Malawian Funerals

With a hollow sounding thud, the wooden box hit the earth at the bottom of the hole. With it came a collective groan across the crowd, followed by mournful wails.  The weary-eyed crowd watched in silence as the family placed wreaths on the box, and then walked past in procession. All the gatherers sat shoulder to shoulder in the dust, bearing witness to the grief.  Family members mumbled and groaned and wailed as they walked, supported by others’ arms and hands. Some were wet-faced, some were yelling prayers and last good-byes. All were greeted with a solemn crowd.  A whole village was gathered, a people not immune to suffering and loss. Wearing matching clothes and matching grim faces, people came to simply be present to the certainty of death.

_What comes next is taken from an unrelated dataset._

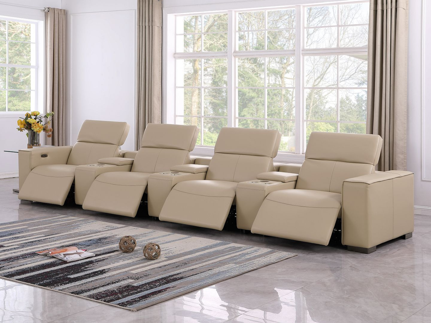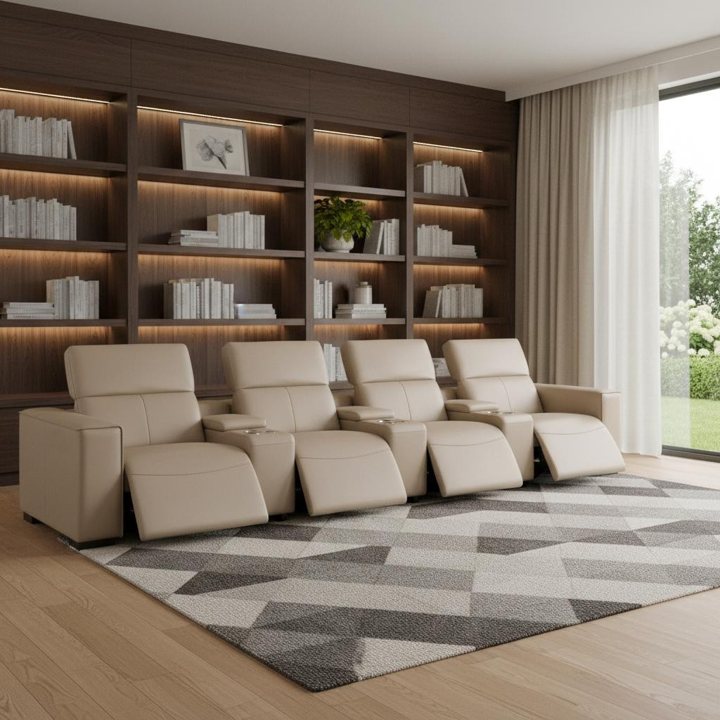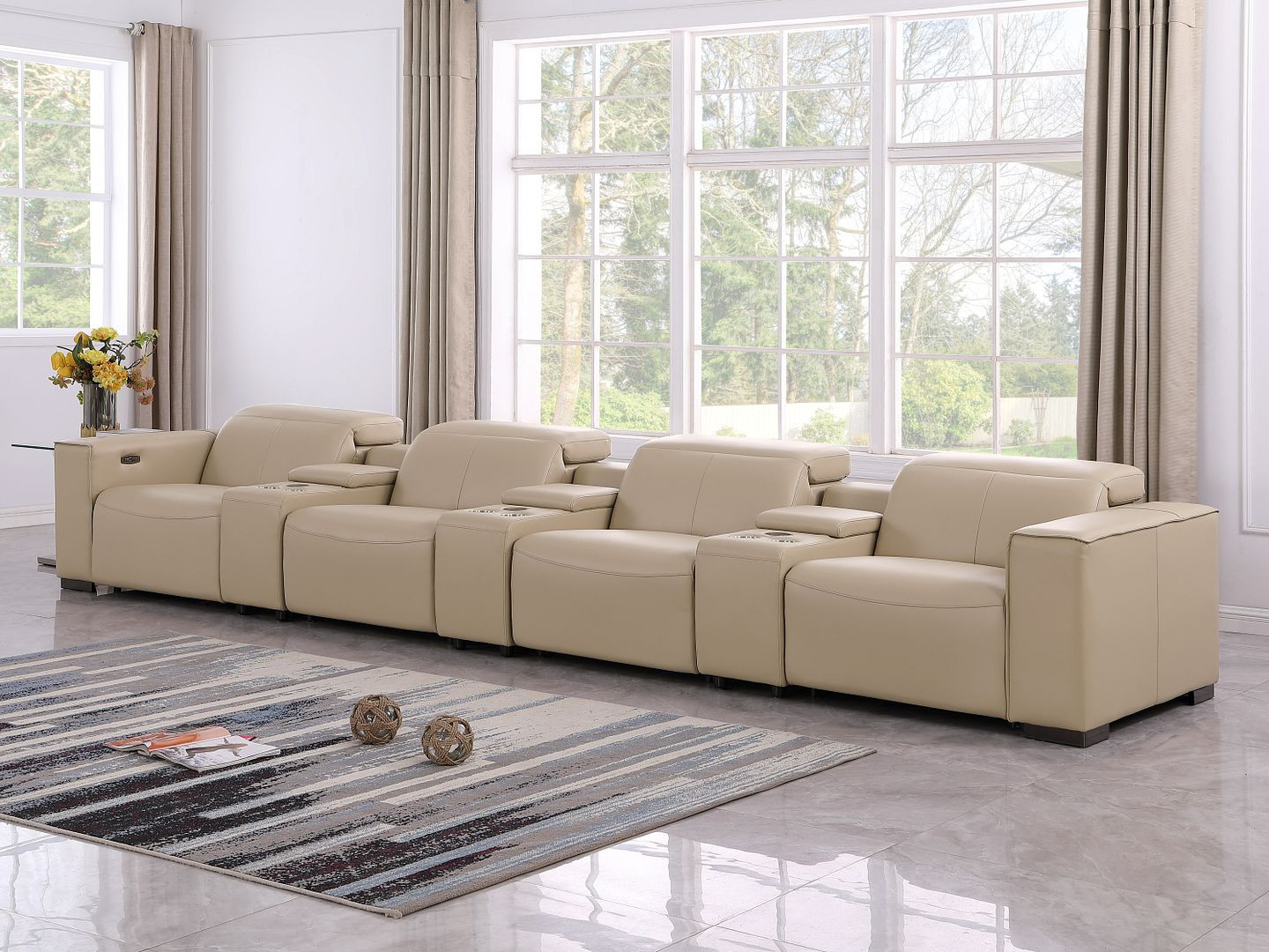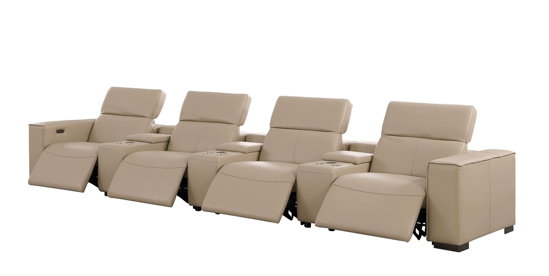 Genuine leather power reclining sofa; Luxury leather sofa with 4 recliners; Power reclining sofa with USB ports; Leather sofa with wireless phone chargers; Reclining sofa with lumbar support; Sofa with power headrests and storage consoles; Modern genuine leather home theater sofa; Brazilian wood frame leather sofa; Durable luxury reclining leather couch; Contemporary genuine leather sofa; Premium leather power recliner sofa; Comfortable leather sofa for living room |

Another funeral in Malawi.  Another monumental loss. Another gathering of souls around shared pots of nsima and meat.  Another singing choir, another witnessing pastor, another group of cloth-clad mothers with babies on their backs.  

I think what struck me most about the funeral I attended was how it displays the collective reality of life in Malawi.   This is a place where every other man in the village is your ‘uncle’ and where everyone puts in money towards the cost of the funeral by way of baskets passed around, despite each family’s inability to pay for basic school fees.  This is a place where the oneness is felt in the matching chitenji fabrics, in the shared songs that start and stop like waves of wind in elephant grasses, and where babies are passed around like the bowls of shared food. Men gather to dig graves, women gather to help wash dishes and bow low to wash each others’ hands.  Life together. Moyo pa modzi.

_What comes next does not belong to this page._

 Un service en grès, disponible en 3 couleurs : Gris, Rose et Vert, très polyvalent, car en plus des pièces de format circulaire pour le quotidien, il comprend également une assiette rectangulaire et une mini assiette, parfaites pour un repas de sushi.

I suppose it’s not so different, the things we share together in Canada,  Yet, somehow it speaks louder here, this collective responsibility – the shared gains and losses, and communal joy and sorrow.  It’s beautiful and hard at the same time. Where one succeeds, all are expected to benefit. Where one loses, all share in that too.  Expectation gives way to cooperation which gives way to unification. Life together, death together, one and the same.

Together through it all

And I think it gives me a clearer picture of kingdom living.  It is not easy, nor is it always convenient. Jobs and tasks and errands give way to funerals which you cannot pass by.  Your life pauses for another’s’ needs as seamlessly as one house and yard and family ebbs and flows into another. Life on life.  So much to learn from such a people, though it might just cost my individual success and gains. There’s a sadness in that too, in the losing of self to the collective.  I wonder where my own cultural norms will give way to new ones, and where old ones will remain. Only time will tell. For now, I will just marvel at the differences.